Nous voyons un homme sortir de prison qui a une nouvelle identité. Quand le Pharaon lui dit: J’ai appris que tu peux expliquer un rêve qui t’est raconté, Joseph répond: Ce n’est pas moi, c’est Dieu! Autrement dit: Je ne peux rien faire, Dieu seul peut tout!

Nouveau point de référence

Ce nouveau Joseph agira avec la sagesse de Dieu pour sauver toute une région de la famine. Ce nouveau Joseph saura amener ses frères à un vrai repentir Ce nouveau Joseph pleurera à cause des épreuves auxquelles il est obligé de soumettre ses frères pour leur faire voir leur péché; en cela il reflète le coeur d’amour de notre Seigneur.
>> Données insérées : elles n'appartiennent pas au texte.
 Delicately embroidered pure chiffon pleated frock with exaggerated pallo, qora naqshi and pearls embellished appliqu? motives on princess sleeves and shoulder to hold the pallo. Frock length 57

Ce nouveau Joseph saura pardonner à ses frères et leur dire: C’est pour vous garder en vie que Dieu m’a envoyé, ce n’est pas vous (Gen 45.7-8)… Vous aviez voulu me faire du mal, mais Dieu l’a transformé en bien (50.20).
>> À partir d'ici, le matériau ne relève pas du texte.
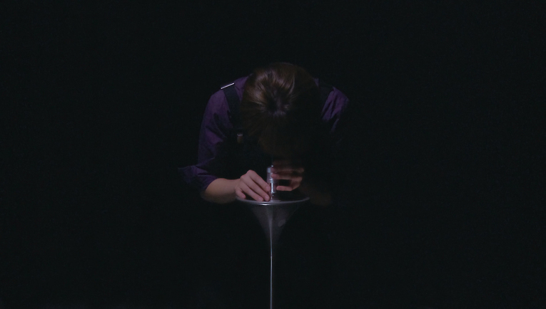 空間発生のプロセスをモデルとした独自のソフトウェアを、わずか爪ほどの大きさの液晶ディスプレイに可視化して、顕微鏡で覗くという作品。 発生と消滅を繰り返す、無数の次元オブジェクトたちは、…点、線、面、立体、超立体…と、造形を始める。

Ce nouveau Joseph, Premier ministre, le personnage le plus important après le Pharaon, a une nouvelle identité:

son point de référence,
ce n’est plus le Moi, c’est Dieu.

Quelle identité, la mienne? Quelle identité, la tienne? Nous lisons dans Rom 6: Nous savons que notre vieil homme (le Moi non régénéré) a été crucifié avec lui… pour que nous ne soyons plus esclaves du péché, … mais vivants pour Dieu en Christ-Jésus. «En Christ-Jésus» exprime notre nouvelle identité.
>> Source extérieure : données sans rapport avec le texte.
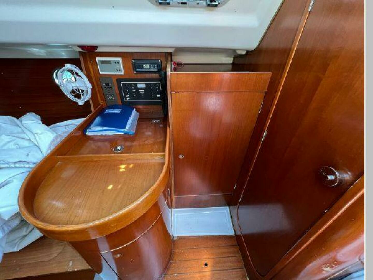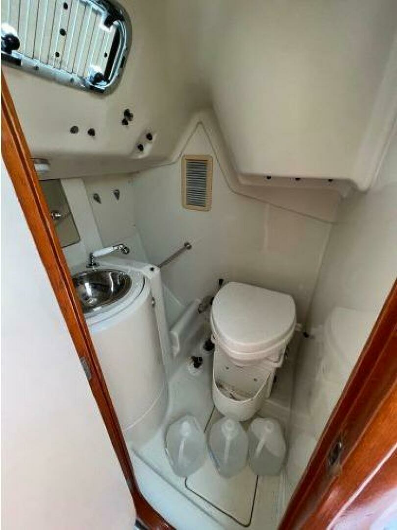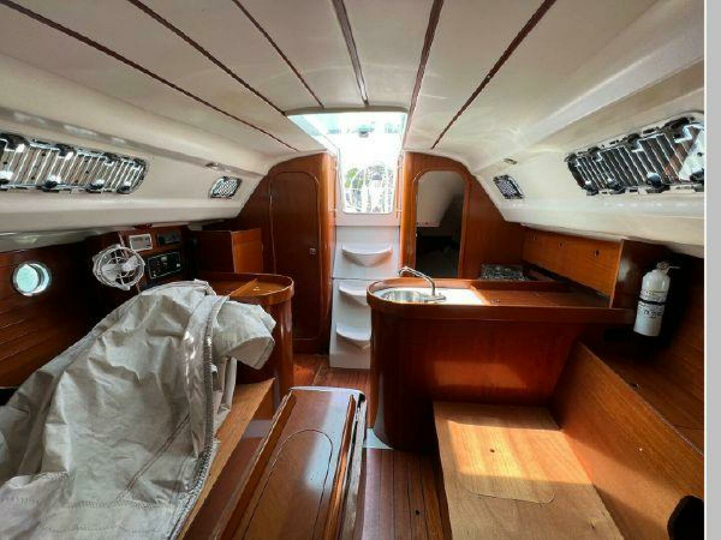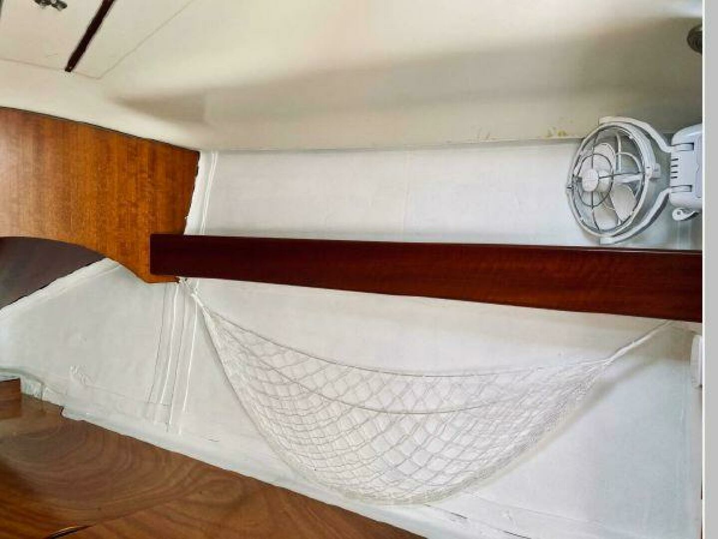 - Below and starting forward is the first stateroom with V-berth, locker and overhead hatch. Next is the main salon with port and starboard settees with shelving outboard and a fixed centerline table with drop leaves. On starboard and aft of the settee is a large ice box, electric panel, hanging locker, followed by her large head with vanity, toilet and shower. To port and aft of the settee is her L-shaped galley followed by her aft stateroom with locker and huge berth with opening ports for ventilation. Engine access is via the companionway steps. One will see from the pictures her lovely Cherry joinery with ceiling strips that line the hull help to make her interior warm and inviting.

Sa vie est devenue notre vie: morts avec lui (sa mon à la croix à notre place) – ensevelis avec lui (signifié par le baptême) – assis avec lui dans les lieux célestes (Eph 2.6).

C’est par la foi que cette réalité peut être saisie, tout comme la réalité du pardon accordé à cause de son sacrifice à la croix. Maintenant, Christ est mon point de référence en tout.

Tu crois en Jésus-Christ? Alors il va te sculpter, toi aussi, car il t’a prédestiné à être semblable à l’image de son Fils (Rom 8.29). Il enlève ce qui ne ressemble pas à l’image de Jésus-Christ. Et il est en train de le faire. Tu sais pourquoi? Parce que si quelqu’un est en Christ, il est une nouvelle créature, un être qui a une nouvelle identité. C’est un fait, en Christ tu es une nouvelle créature; en tant que telle, tu es transformé par le Père d’amour en l’amour de son Fils. Et quand cela fait mal, comme Joseph, le Père pleure. Tes épreuves sont peut-être écrasantes, dures à porter, au point où tu gémis sous leur poids. Mais il te veut semblable à son Fils. Laisse-le tailler.

Christ est ta vie. Voilà ton identité.

Jean-Pierre Schneider

 (1) Certains des éléments de l’histoire de Joseph m’ont été suggérés par des causeries données par Walter Gerber en mars-avril 1988 à Adelboden lors d’un séminaire sur la relation d’aide dirigé par le Dr Paul Kaschel.